Nie wieder Krieg, nie wieder Faschismus – daran hat sich für uns bis
heute nichts geändert. Es ist blanker Hohn, dass der „Kampf für das
Menschenrecht“ ausgerechnet mit der deutschen Vergangenheit
gerechtfertigt wird. Die Lehre aus dem Nationalsozialismus kann und
darf nur sein: Wir müssen alles dafür tun, dass Deutschland nie wieder
Krieg führt!

„Die Vernichtung des Nazismus mit seinen Wurzeln ist unsere Losung.

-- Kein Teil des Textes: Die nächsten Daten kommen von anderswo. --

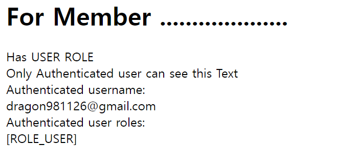 View 영역도 마찬가지로, OAuth를 통한 로그인 정보가 올바르게 DTO에 호환되며 제대로 정보가 나타난다.

Der Aufbau einer neuen Welt des Friedens und der Freiheit ist unser Ziel“

Auch 65 Jahre nach Kriegsende hat der Schwur der Überlebenden von
Buchenwald für uns nichts an Richtigkeit verloren. Genau deshalb müssen
wir den Nazis auch am 13. Februar in Dresden in aller Entschlossenheit
entgegentreten. Unser Gedenken richtet sich jedoch nicht auf den 13.
Februar. Die Bombardierung deutscher Städte durch die Alliierten war
Folge von nationalsozialistischer Gewaltherrschaft und deutschem
Vernichtungskrieg. Deswegen gedenken wir zum Beispiel am 27. Januar,
dem Tag der Befreiung von Auschwitz, der Opfer des Nationalsozialismus.
Darüber hinaus jährt sich am 8. Mai 2010 die Befreiung vom
Nationalsozialismus zum 65. Mal. Diese Daten sind mehr als bloße
historische Ereignisse. Hier besteht eine der letzten Möglichkeiten,
mit Überlebenden des Nationalsozialismus, mit aktiven GegnerInnen und
WiderstandskämpferInnen zusammenzukommen. Der Kampf gegen den
Faschismus ist nicht abgewickelt, der Nationalsozialismus nicht zu Ende
aufgearbeitet, als dass die Lehre aus der Vergangenheit nun einem neuen
deutschen Selbstbewusstsein dienen könne. Die Verantwortung gegenüber
den Opfern des Nationalsozialismus mahnt uns zum Widerstand gegen
Rassismus, Antisemitismus, Nationalismus und Militarismus.
Wir wissen, dass wir rechte Propaganda nur stoppen können, wenn wir
eine die gesamte Gesellschaft durchdringende, offene Auseinandersetzung
über die zu Grunde liegenden Werte und Ideologien führen. Wir wissen
aber auch, dass wir uns erfolgreich den Nazis entgegenstellen können,
wenn wir dies gemeinsam tun.

Gemeinsam blockieren!
In den vergangenen Jahren hat es immer Proteste gegen den Naziaufmarsch
in Dresden gegeben. Trotzdem konnte es bislang nicht gelingen, dem
Naziaufmarsch wirksam etwas entgegen zu setzen. Im letzten Jahr
beteiligten sich 4000 AntifaschistInnen an einer Demonstration unter
dem Motto „No pasarán!“. Doch auch hier zeigte sich, dass Polizei und
Ordnungsbehörde alles daran setzen, linken antifaschistischen Protest
zu verhindern und abzudrängen.
Dem setzen wir 2010 unseren vielfältigen Widerstand entgegen. Es ist
gerade eine solche Vielfalt an Aktionsformen – nicht gegen-, sondern
miteinander –, die gegen den Aufmarsch etwas ausrichten kann. Dafür
brauchen wir ein starkes breites Bündnis all derer, die mit uns
zusammen den Naziaufmarsch in Dresden blockieren!

Dem Naziaufmarsch am 13. Februar entschlossen entgegentreten – gemeinsam blockieren!

No pasarán – sie kommen nicht durch!